Теперь открытый зев калитки холодил спину липким страхом, а лес тревожно шумел, словно там притаились огромные, вздыхающие мерно животные.
Дом выглядел пустым — только на двери не висел амбарный замок, и шинель на окне чуть сбилась в сторону.
— А вдруг там живет Фишер? — зашептала сестра-Ася. — Прячется от милиции.
Об этом мы и не подумали. Но было поздно. Все, все, что было у меня внутри, — и сердце, и все остальное — ухнуло и застряло где-то внизу. Симка подполз по-пластунски по дырявой веранде к двери и тихонько отворил ее. Отступать было некуда.

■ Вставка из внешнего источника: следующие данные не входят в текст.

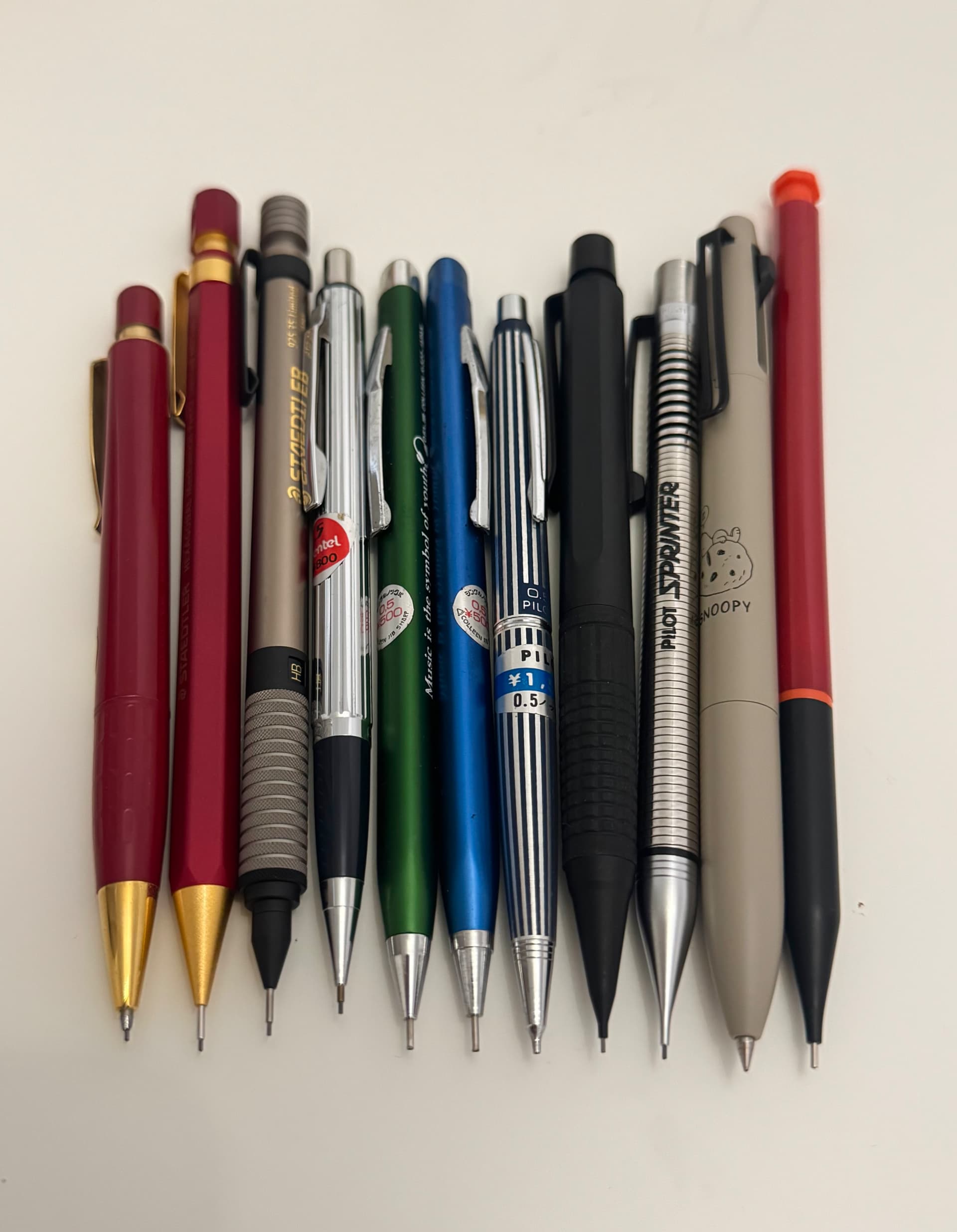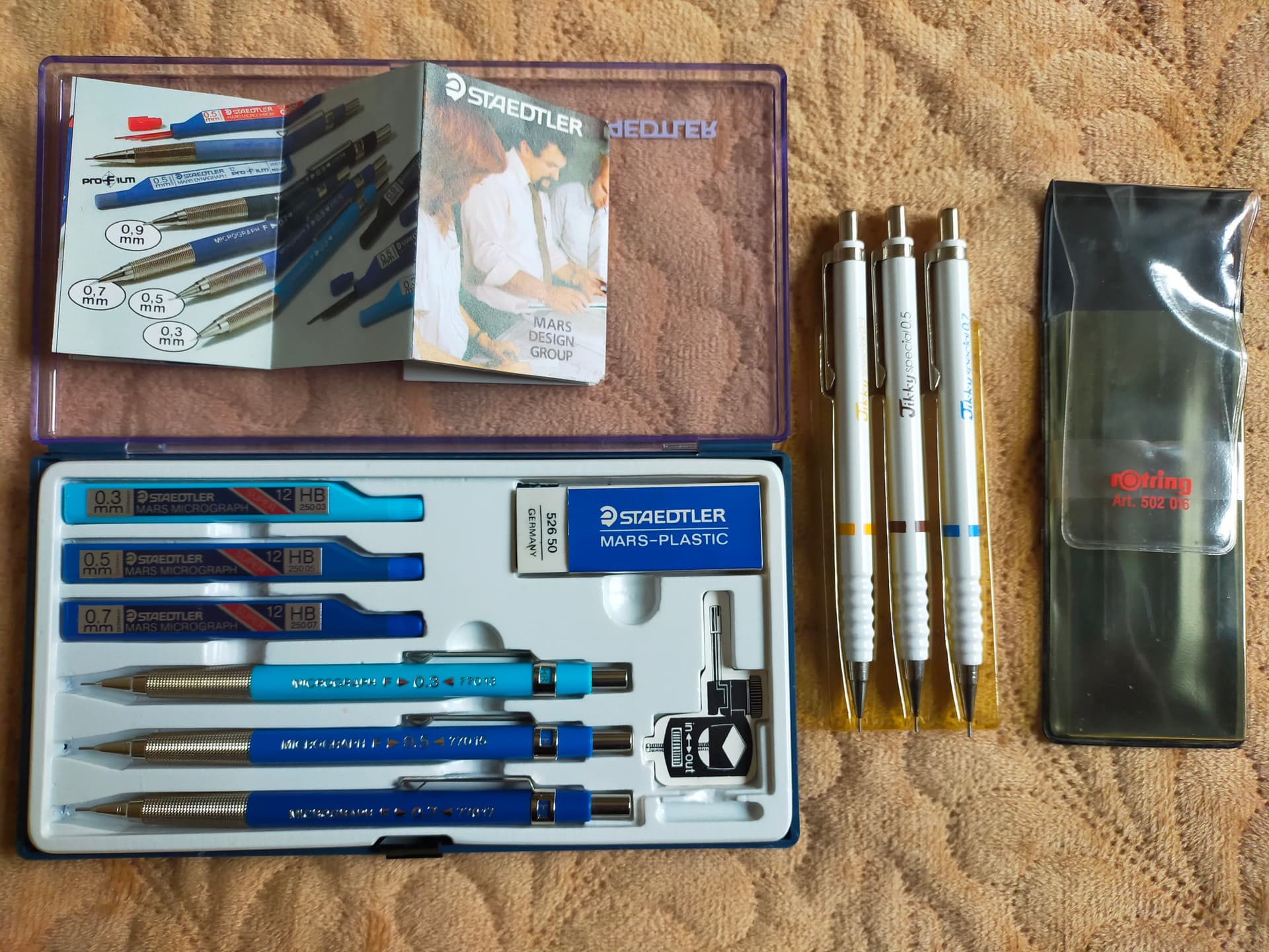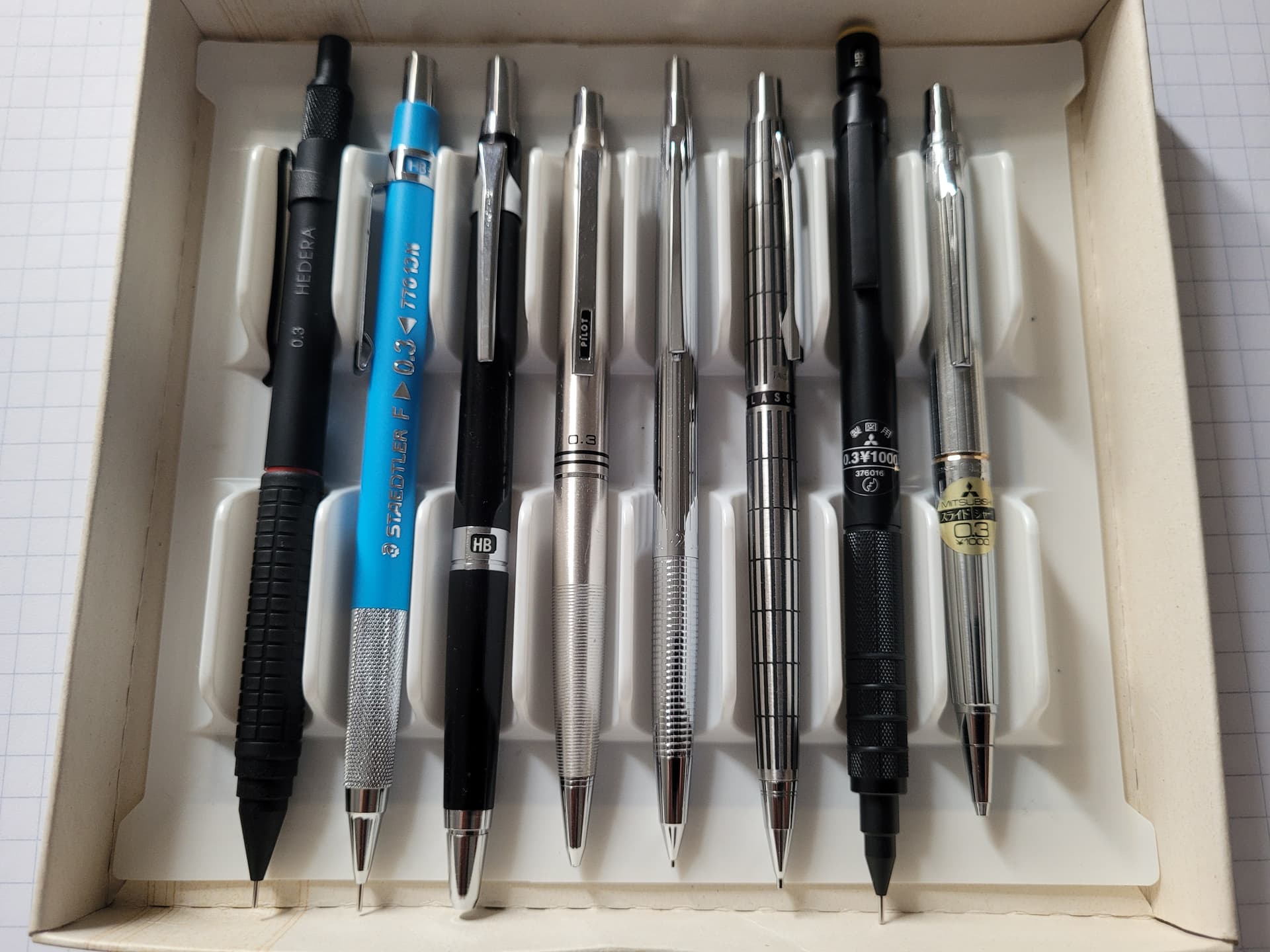 An unexpected detail, on the rotrings the 0,3 has a circle on the cone, while the 0,5 has none. The contemporary drafting Staedtler and Faber-Castell had nothing on the 0,3, one ring on the 0,5, two on the 0,7 and three on the 0,9. Rotring got the first two inverted. Why?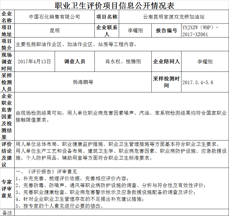 17-職業衛生(shēng)評價項目信息公開情況表YNJXZW(WHP)-2017-XZ061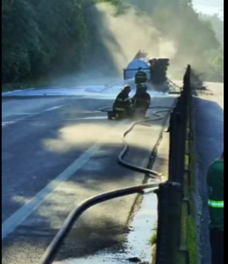 Equipes da concessionária seguem no local para controlar os riscos e liberar totalmente a rodovia.

Внутри Дома жила древняя полутьма — в ней тонули контуры дверей, ржавого верстака и железных мисок, сложенных грязной горкой у входа. Вдали, в глубине комнат, желтой точкой горела свеча. Полутьма сначала затопала, зашебуршилась и вышла к полоске света большим ежом.
Мы не могли сдвинуться с места и почти не дышали — только сестра-Ася неровно сопела у меня за спиной. Из чрева Дома, щурясь на свет, вышел дед в старом тренировочном костюме, синем, с лампасами и пузырями на коленках. В узловатой сухонькой руке — топорик, седые волосы — белой шапкой.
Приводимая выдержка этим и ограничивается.